The modern idiom of scientists as the custodians and discoverers of knowledge is much too restrictive. When contested issues arise, society needs scientists to be dominant voices acting as authoritative, impartial, and trusted arbiters who can explain where uncertainties lie in evidence and the likely consequences of alternative futures.

Unfortunately, with the possible exception of climate change (helped by the IPCC), scientists are left to struggle to form a politically influential caucus working within its own rules. The alternative is capture by the language and ways of the other culture. Under this scenario, science becomes yet another money-grabbing vested interest. As a result, many of those who would most benefit from listening put scientists in an opposing political box and close the lid. Advocacy is the surest and most rapid way to achieve such an effect.
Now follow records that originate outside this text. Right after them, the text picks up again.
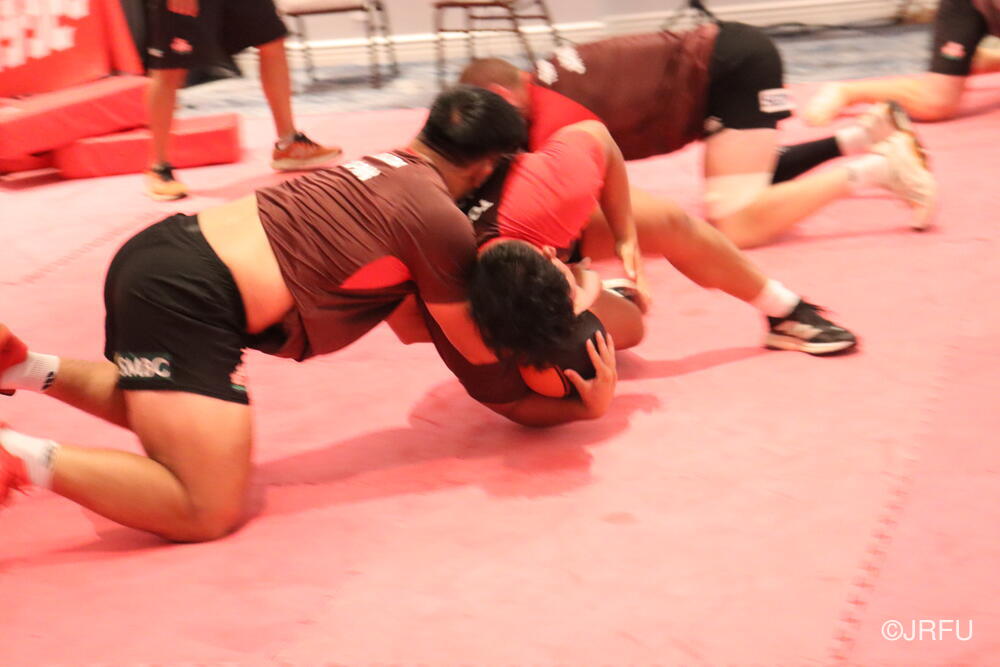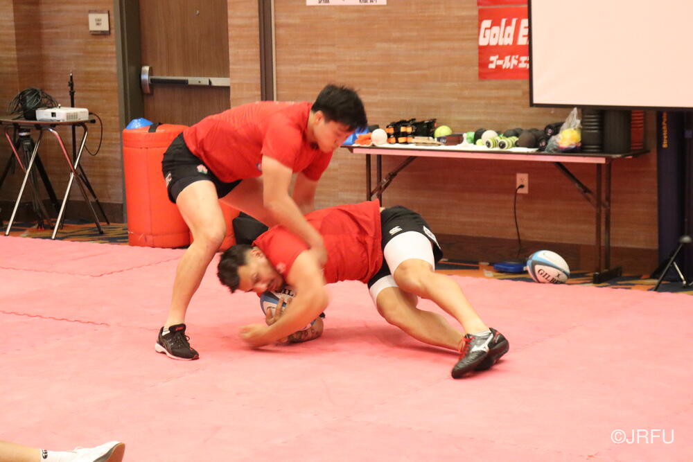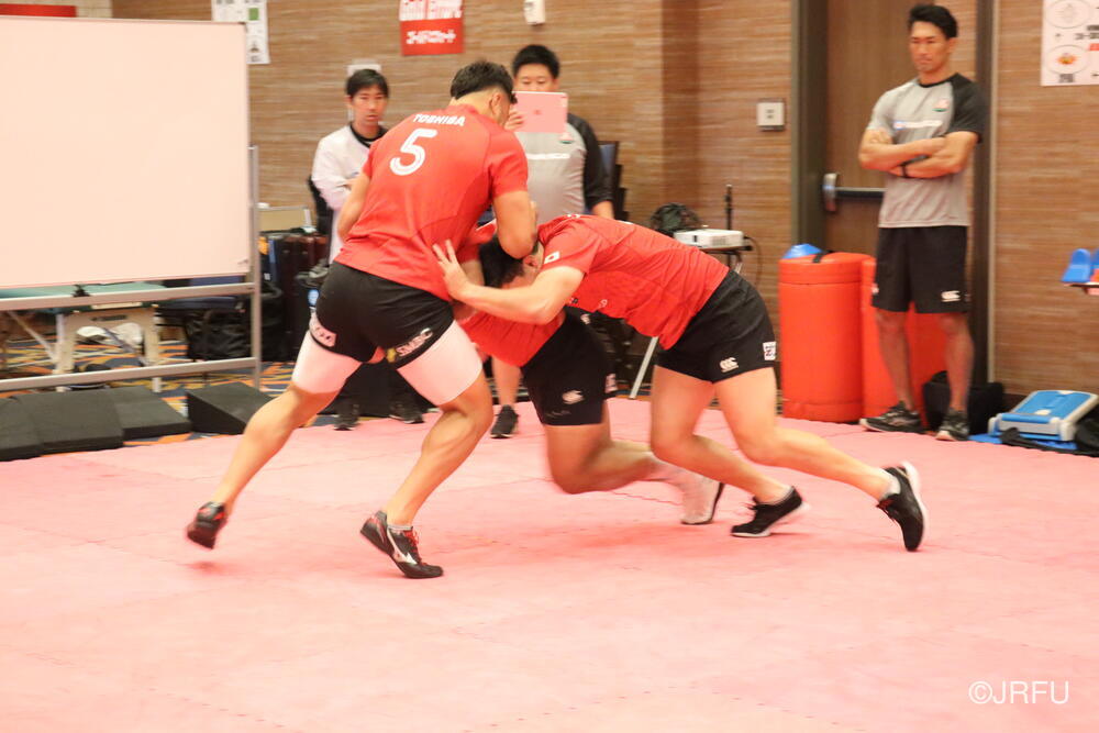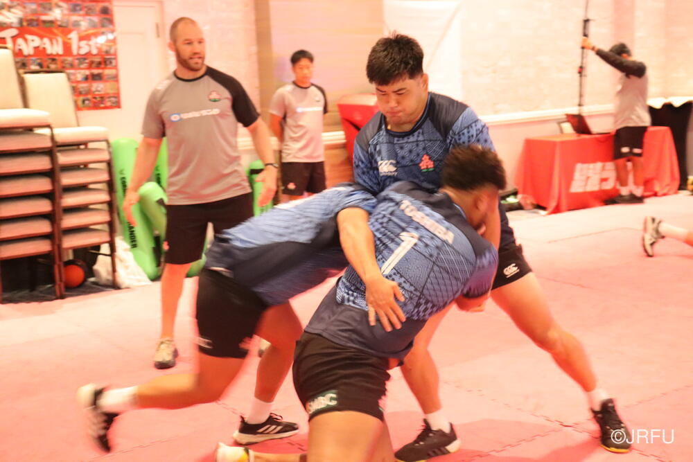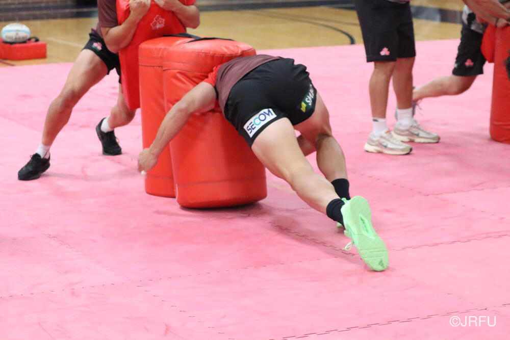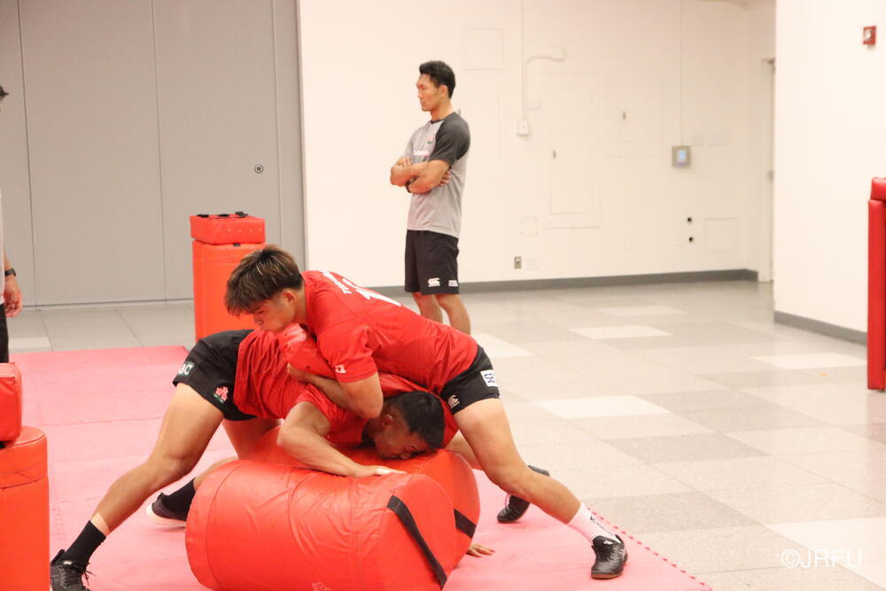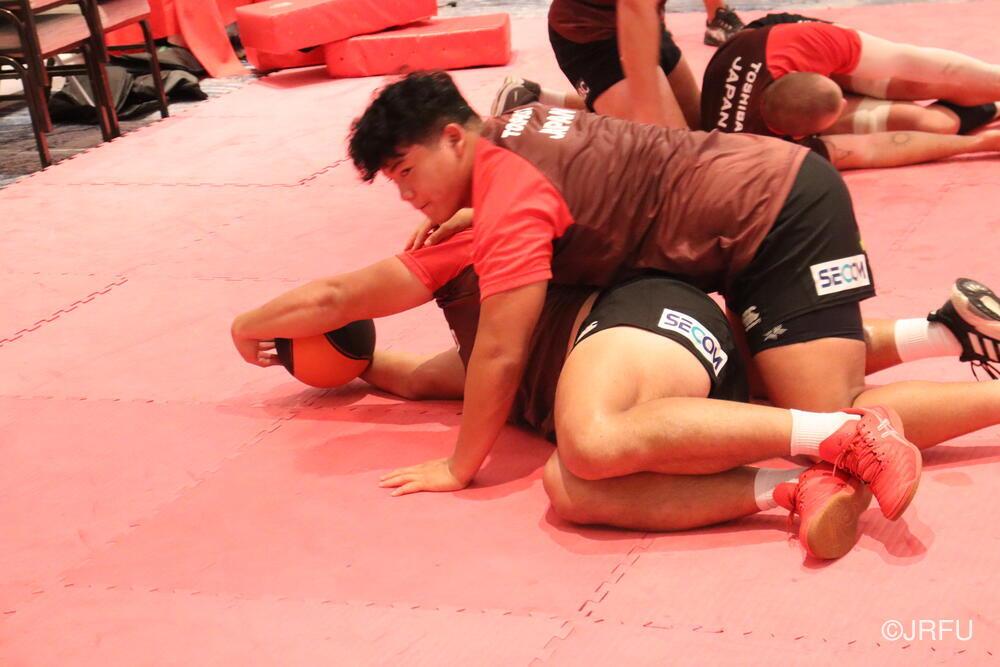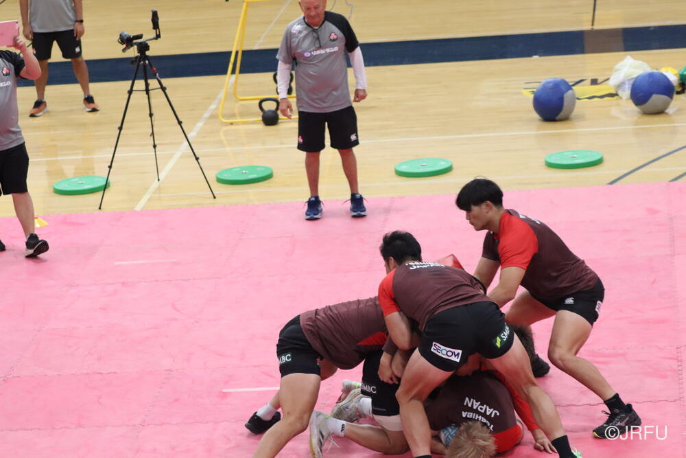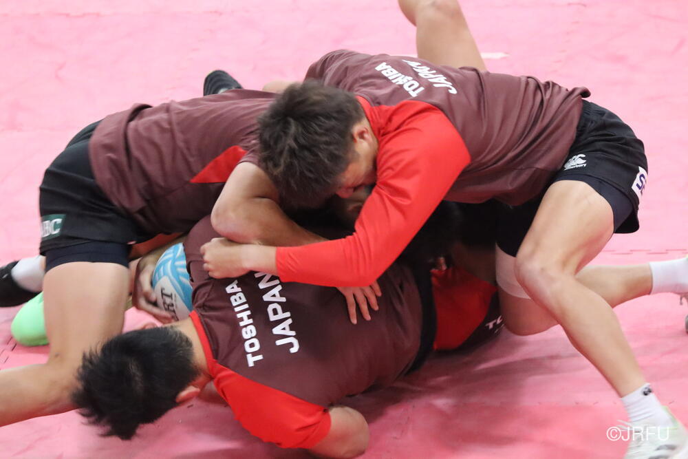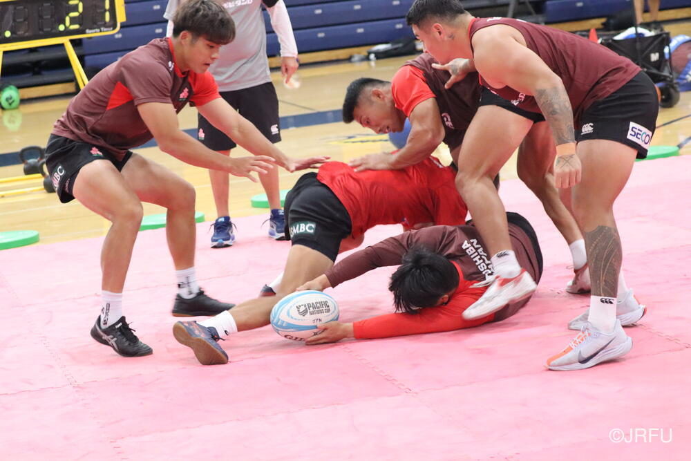 グラウンドでの練習の後も、トレーニングは続きます。こちらは今シーズン一貫して最重要強化項目となっているブレークダウンの練習です。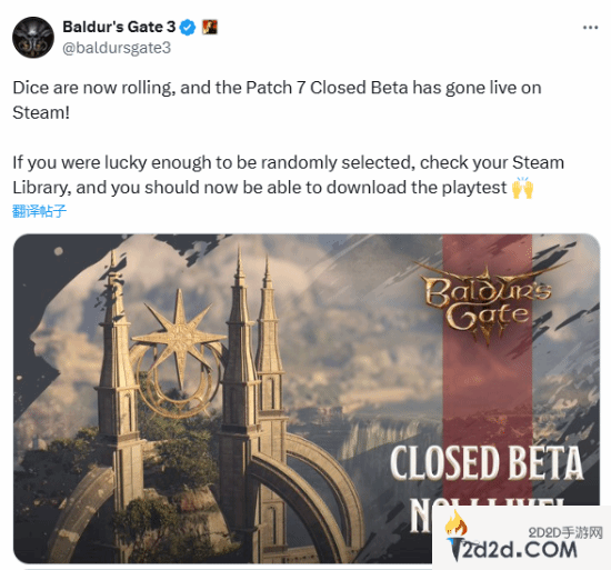 近日拉瑞安发推宣布,《博德之门3》7号补丁封测版已在Steam上线,但目前该补丁只面向被随机邀请的玩家。拉瑞安表示:“如果您足够幸运地被随机选中,请检查您的Steam库,现在您就可以下载并进行测试了。”
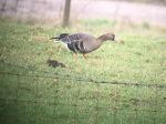 The previous 2 hours had been spent at Piling Lane Ends searching for the goose without success. However a good supporting cast included female Common Scoter, Peregrine Falcon, Red Breasted Merganser, 100's of Pintail and Shelduck, many Pink Footed Geese, Common Snipe, 100's of Lapwing, Curlew, Redshank, Dunlin and Sanderling, 3 Little Egret, 10 Skylark and Linnet flock. 2 White Fronted Geese were with Pink Footed on fields by car park.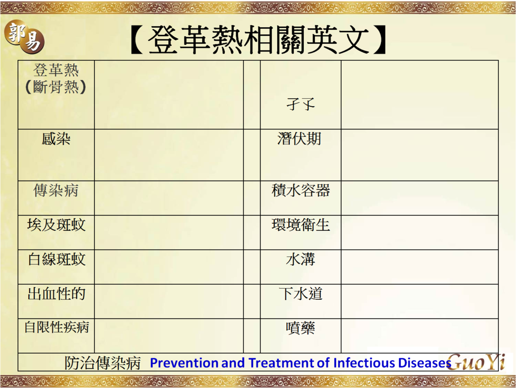 [重要] 郭易老師教你超越所有字典變身英文倉頡:登革熱的多種英文?孑孓的英文? 埃及斑蚊&白線斑蚊? 登革熱症狀跟防治資源&祝大家身體健康蚊子死光!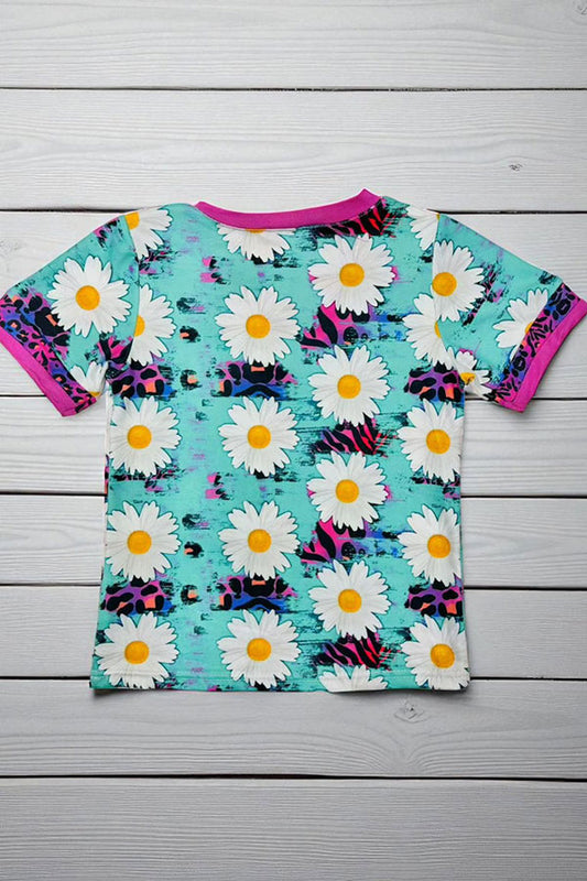 Western daisy & animal printed short sleeve girls t-shirt D10821-1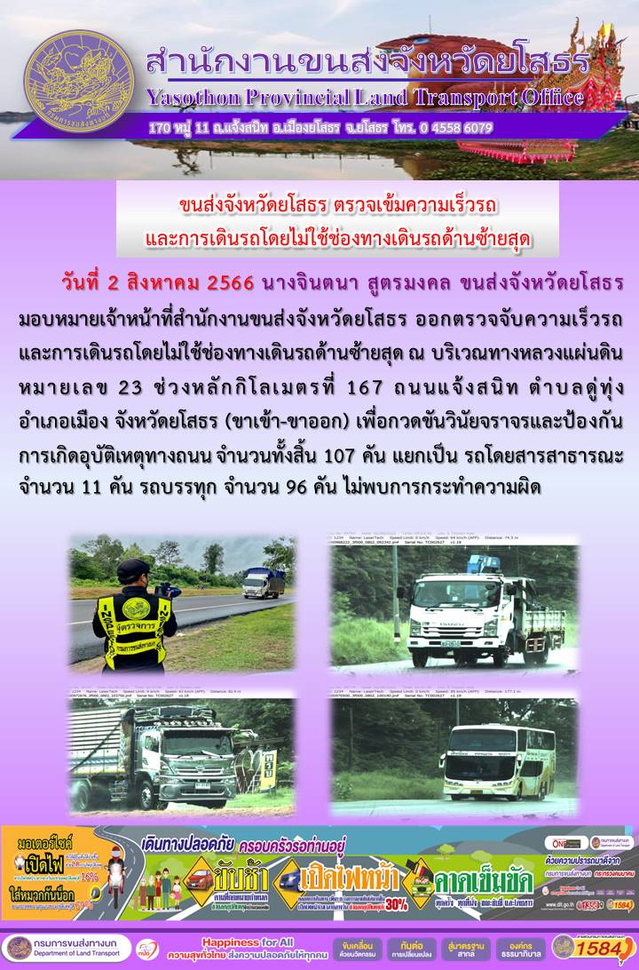 วันที่ 2 สิงหาคม 2566 เจ้าหน้าที่สำนักงานขนส่งจังหวัดยโสธร ออกตั้งจุดตรวจจับความเร็ว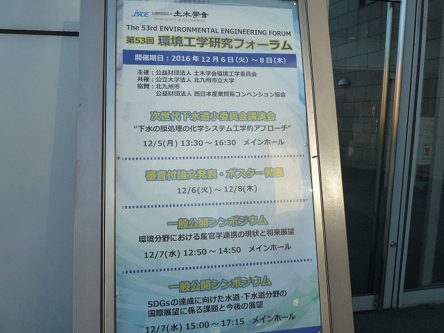 | 環境工学研究フォーラム 12月6〜8日 北九州で開催された学会に参加してきました。一般公開シンポジウムでは、ミレニアム開発目標(MDGs)から持続可能な開発目標(SDGs)へ引き継がれ、その目標達成のための水道・下水道分野の役割について最新の動向を知ることができました。別のテーマでは研究活動と社会との乖離、研究成果をどう社会に実装していくのかなどについても議論された他、研究発表でも質疑に加え、第一線で活躍される先生による総括がされ、全体的に若干敷居の高く感じられました。しかし、少しハードルの高い所で頑張るのもいいかなと感じたところです。懐かしい友人とも会えたり、合間にゼンリンの地図の資料館(100円、ETC提示で無料)、北九州市立水環境館(無料)を満喫し充実した学会出張となりました。 |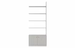 Dubbla din Madu bokhylla i utrymme och storlek. Madu är en stilren, modern bokhylla från samlingen av det holländska märket WOOOD. Madu är gjord av furu med en grå finish. Detta ger hyllan ett tidlöst utseende. De guldfärgade knopparna i kombination med den ljusa furan ger även skåpet en modern och gedigen karaktär. De öppna hyllorna upptill ger plats för att visa tillbehör. Med denna förlängning kan du enkelt dubbla lagringsutrymmet och storleken.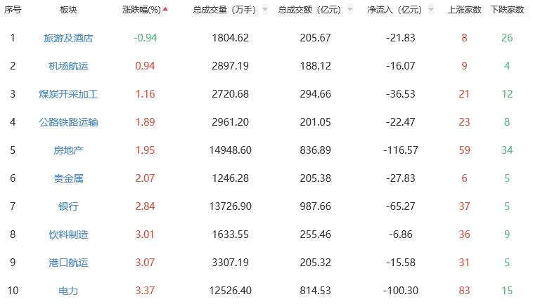 A股市場板塊漲跌幅排行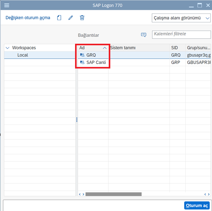 Connection Name alanına SAP uygulaması açıldığında ilk çıkan penceredeki bağlantılardan login olmak istediğiniz bağlantı ismi yazılması gerekmektedir. Client bilgisini ise bağlantıya çift tıkladıktan sonra açılan Login sayfasında bulabilirsiniz.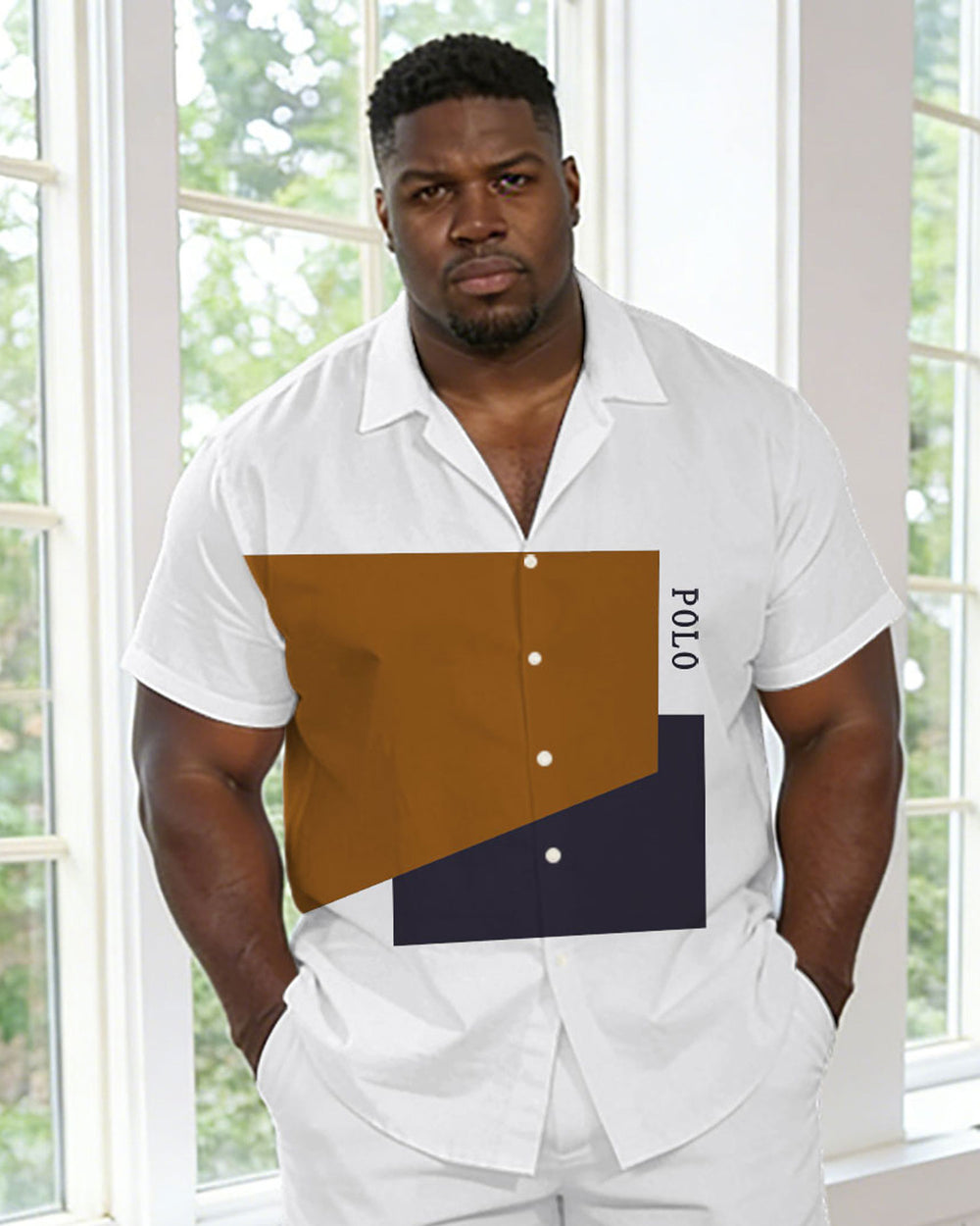 Plus-size Men’s White Contrast-color Short-sleeve Shirt And Pants Set

It can compromise the impartiality of scientific evidence and do more harm than good. When science becomes captured by normal politics, its value drains away.

Unless the scientific community grips this problem of systemic disempowerment within government and politics, science will continue to be manipulated within a political game dominated by vested interests. The underrepresentation of science seems likely to continue unless the process of government itself becomes more diverse. Scientists themselves can help by demonstrating greater thought leadership, showing more enthusiasm to become part of government in all its forms, and valuing the contributions of colleagues who get involved. They need to break out of their synthetic box and politely refuse to have the lid closed on them.